### Exercise:
Give back the entries that follow exactly as written. Any picture gets left out.

(Records from a data source)
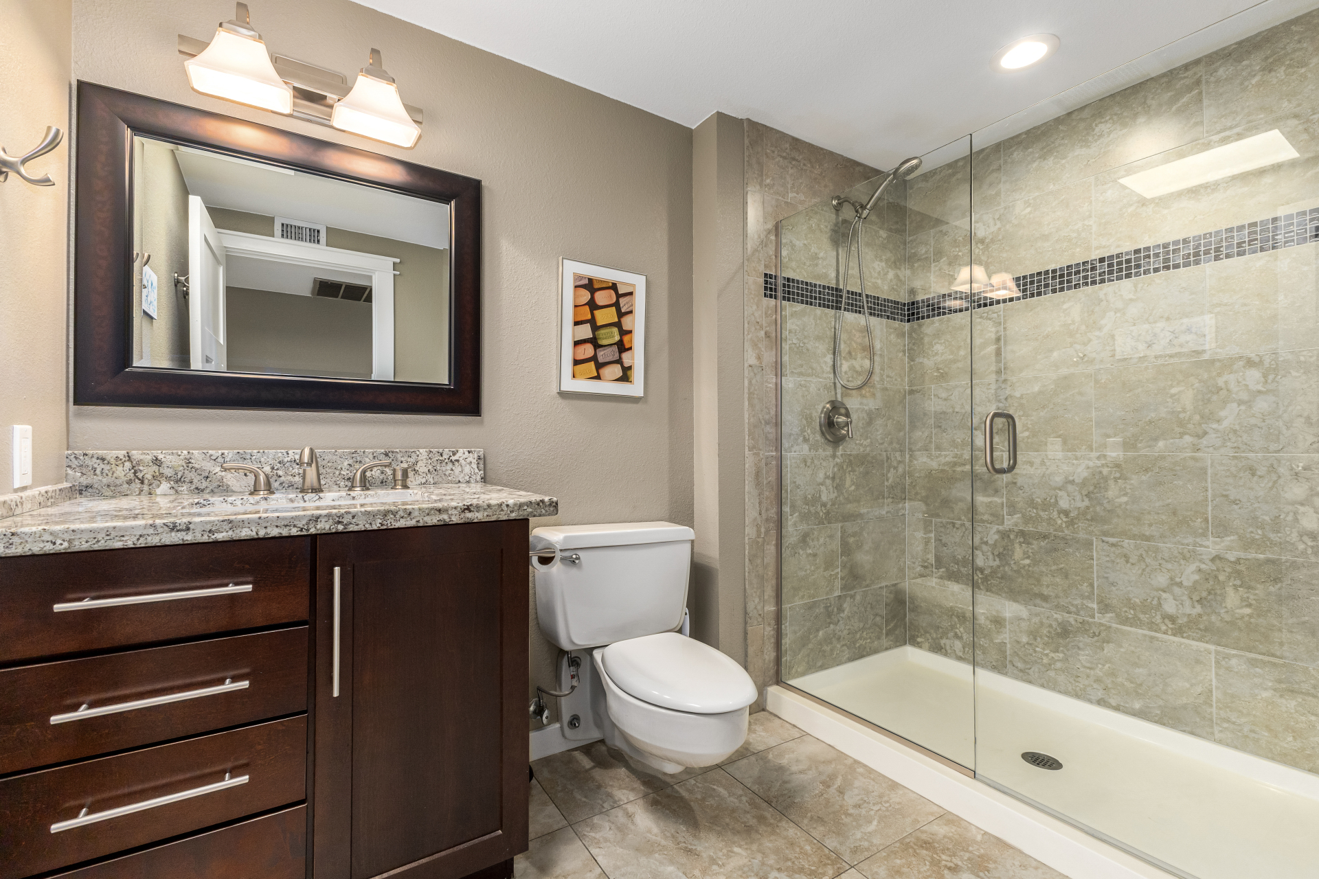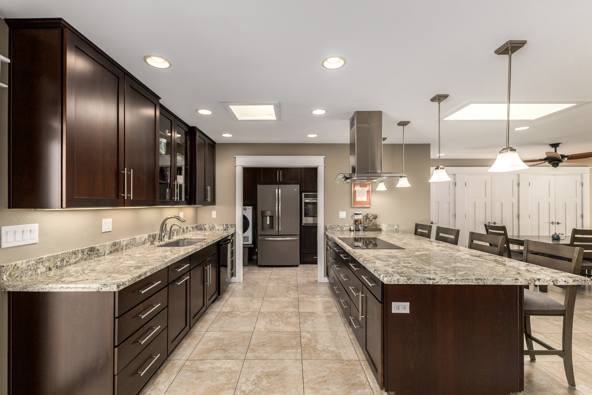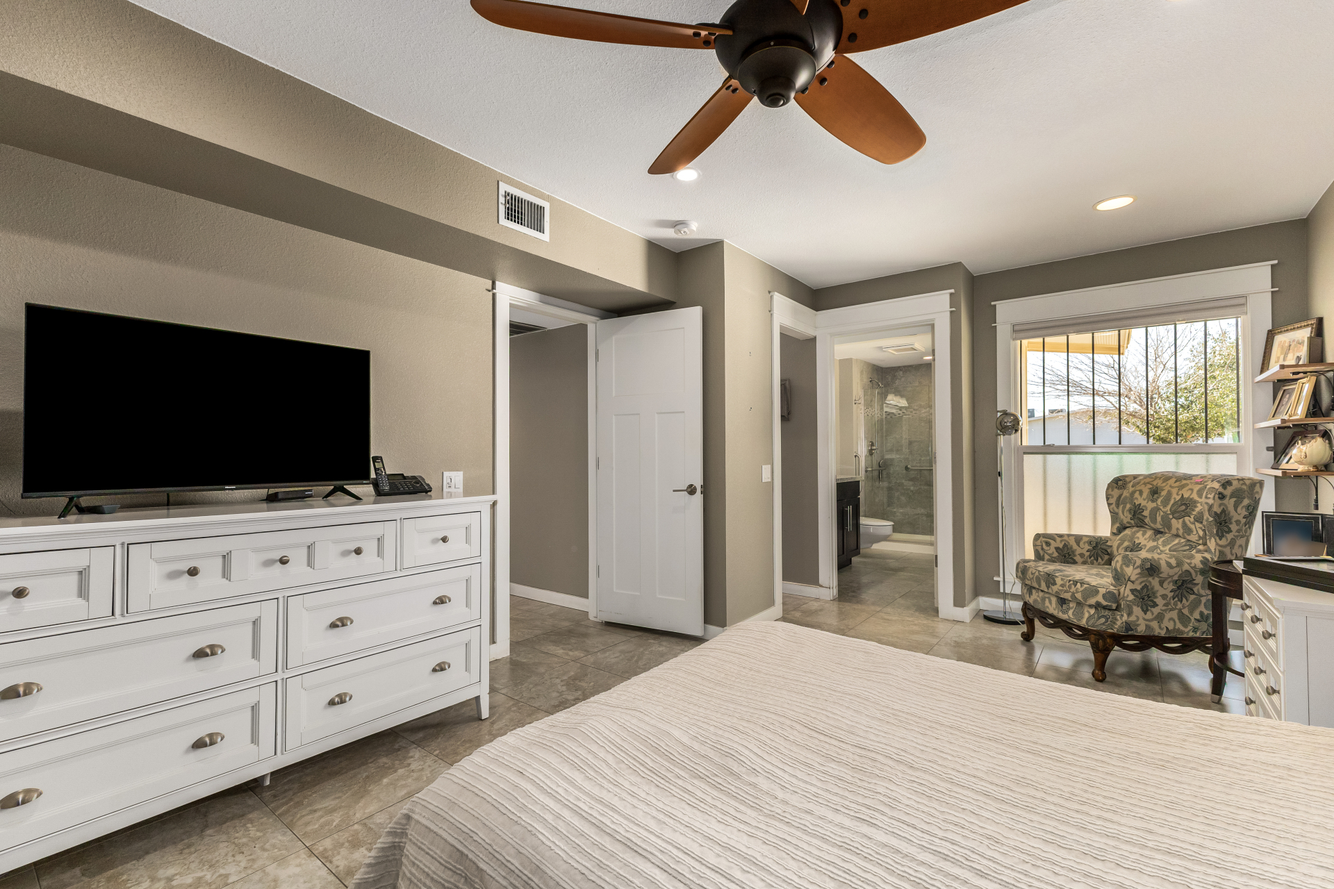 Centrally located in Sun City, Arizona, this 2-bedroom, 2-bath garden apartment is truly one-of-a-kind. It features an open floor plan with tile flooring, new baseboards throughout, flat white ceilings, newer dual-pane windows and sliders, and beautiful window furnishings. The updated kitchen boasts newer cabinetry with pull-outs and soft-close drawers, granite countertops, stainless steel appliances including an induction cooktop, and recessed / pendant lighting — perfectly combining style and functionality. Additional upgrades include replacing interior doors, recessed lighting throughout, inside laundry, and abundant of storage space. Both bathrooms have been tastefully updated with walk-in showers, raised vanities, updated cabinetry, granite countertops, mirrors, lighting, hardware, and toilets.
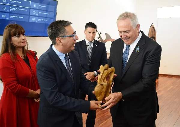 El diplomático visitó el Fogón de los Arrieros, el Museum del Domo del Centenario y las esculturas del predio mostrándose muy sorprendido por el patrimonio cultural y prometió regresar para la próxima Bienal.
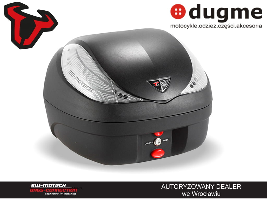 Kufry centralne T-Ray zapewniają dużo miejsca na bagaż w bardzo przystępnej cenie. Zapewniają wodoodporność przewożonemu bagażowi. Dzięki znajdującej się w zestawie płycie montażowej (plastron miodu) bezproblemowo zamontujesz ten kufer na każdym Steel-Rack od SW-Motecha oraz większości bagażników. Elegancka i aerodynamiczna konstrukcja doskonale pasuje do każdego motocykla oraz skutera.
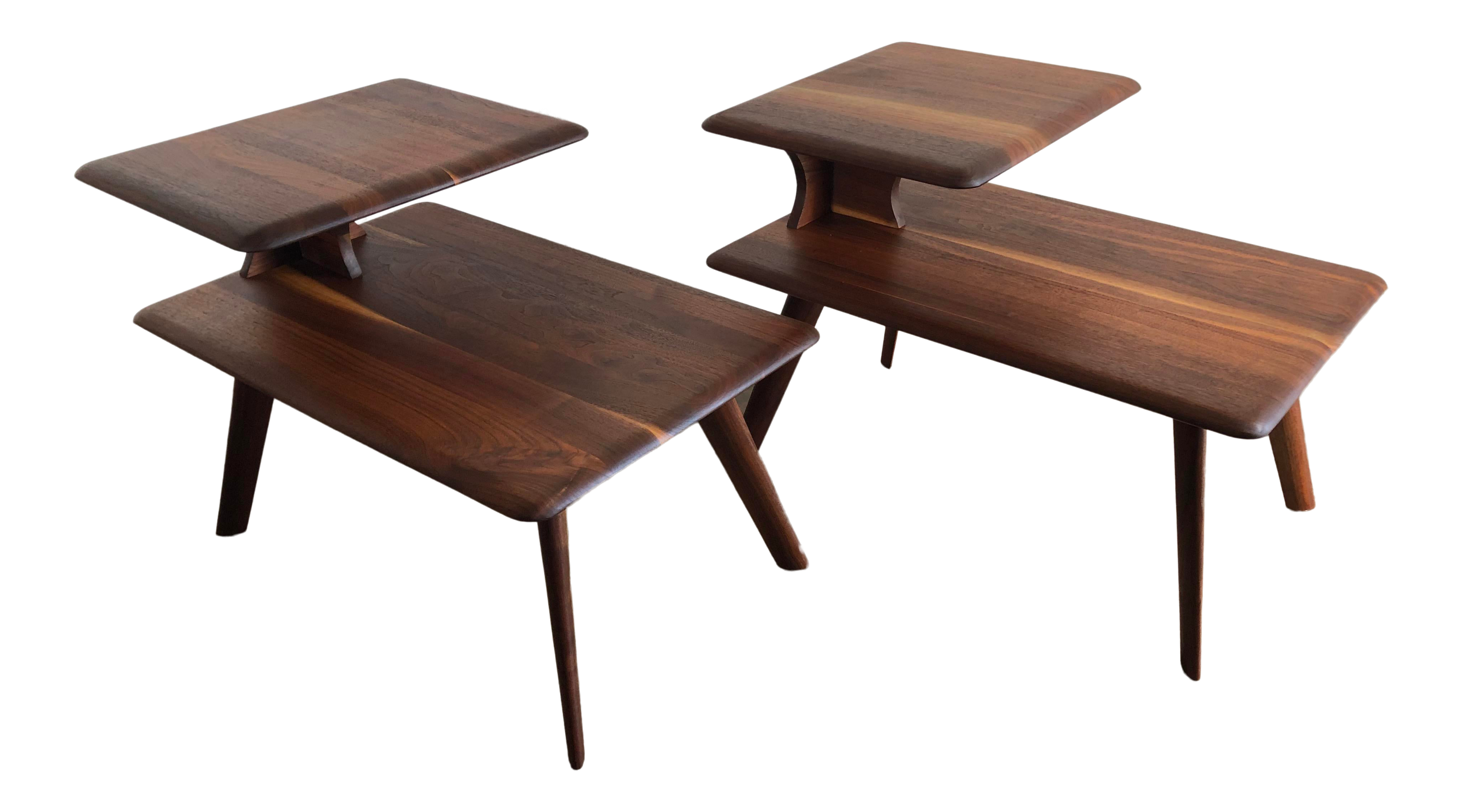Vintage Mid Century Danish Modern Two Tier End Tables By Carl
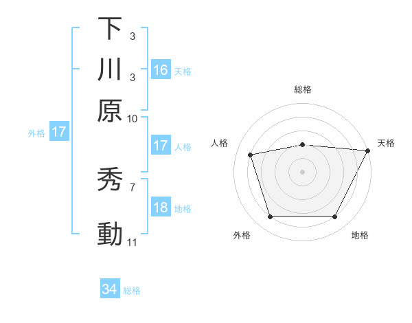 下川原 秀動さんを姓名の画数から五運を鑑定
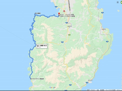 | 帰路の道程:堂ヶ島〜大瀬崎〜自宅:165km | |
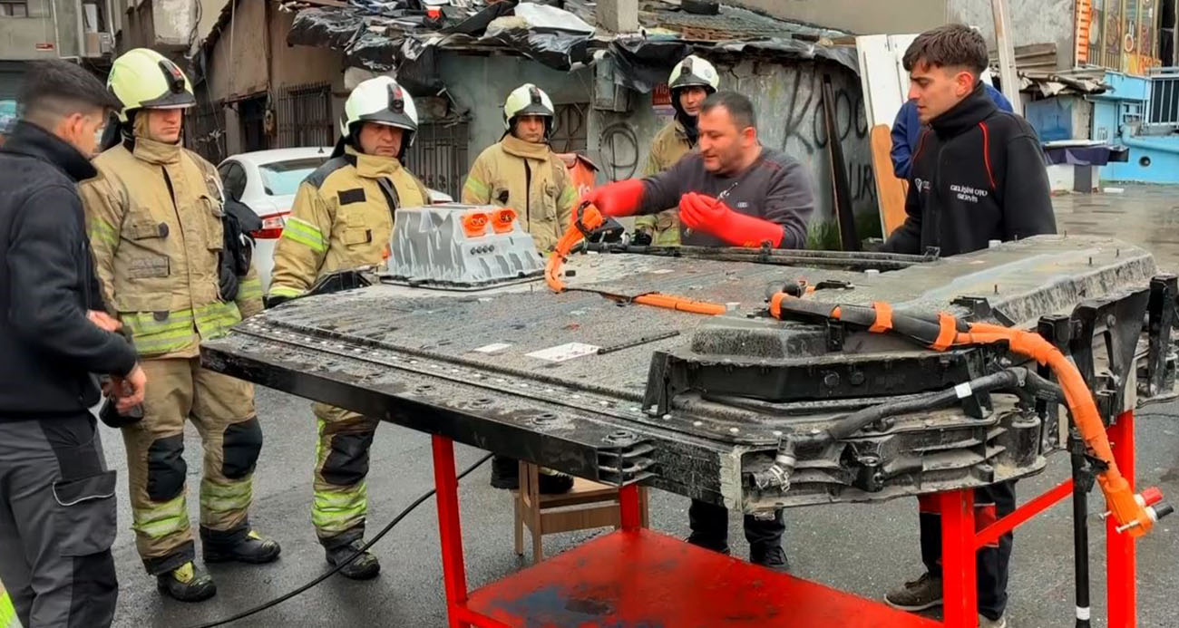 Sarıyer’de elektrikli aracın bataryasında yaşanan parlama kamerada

### Exercise answer:
 Centrally located in Sun City, Arizona, this 2-bedroom, 2-bath garden apartment is truly one-of-a-kind. It features an open floor plan with tile flooring, new baseboards throughout, flat white ceilings, newer dual-pane windows and sliders, and beautiful window furnishings. The updated kitchen boasts newer cabinetry with pull-outs and soft-close drawers, granite countertops, stainless steel appliances including an induction cooktop, and recessed / pendant lighting — perfectly combining style and functionality. Additional upgrades include replacing interior doors, recessed lighting throughout, inside laundry, and abundant of storage space. Both bathrooms have been tastefully updated with walk-in showers, raised vanities, updated cabinetry, granite countertops, mirrors, lighting, hardware, and toilets.
 El diplomático visitó el Fogón de los Arrieros, el Museum del Domo del Centenario y las esculturas del predio mostrándose muy sorprendido por el patrimonio cultural y prometió regresar para la próxima Bienal.
 Kufry centralne T-Ray zapewniają dużo miejsca na bagaż w bardzo przystępnej cenie. Zapewniają wodoodporność przewożonemu bagażowi. Dzięki znajdującej się w zestawie płycie montażowej (plastron miodu) bezproblemowo zamontujesz ten kufer na każdym Steel-Rack od SW-Motecha oraz większości bagażników. Elegancka i aerodynamiczna konstrukcja doskonale pasuje do każdego motocykla oraz skutera.
Vintage Mid Century Danish Modern Two Tier End Tables By Carl
 下川原 秀動さんを姓名の画数から五運を鑑定
 | 帰路の道程:堂ヶ島〜大瀬崎〜自宅:165km | |
 Sarıyer’de elektrikli aracın bataryasında yaşanan parlama kamerada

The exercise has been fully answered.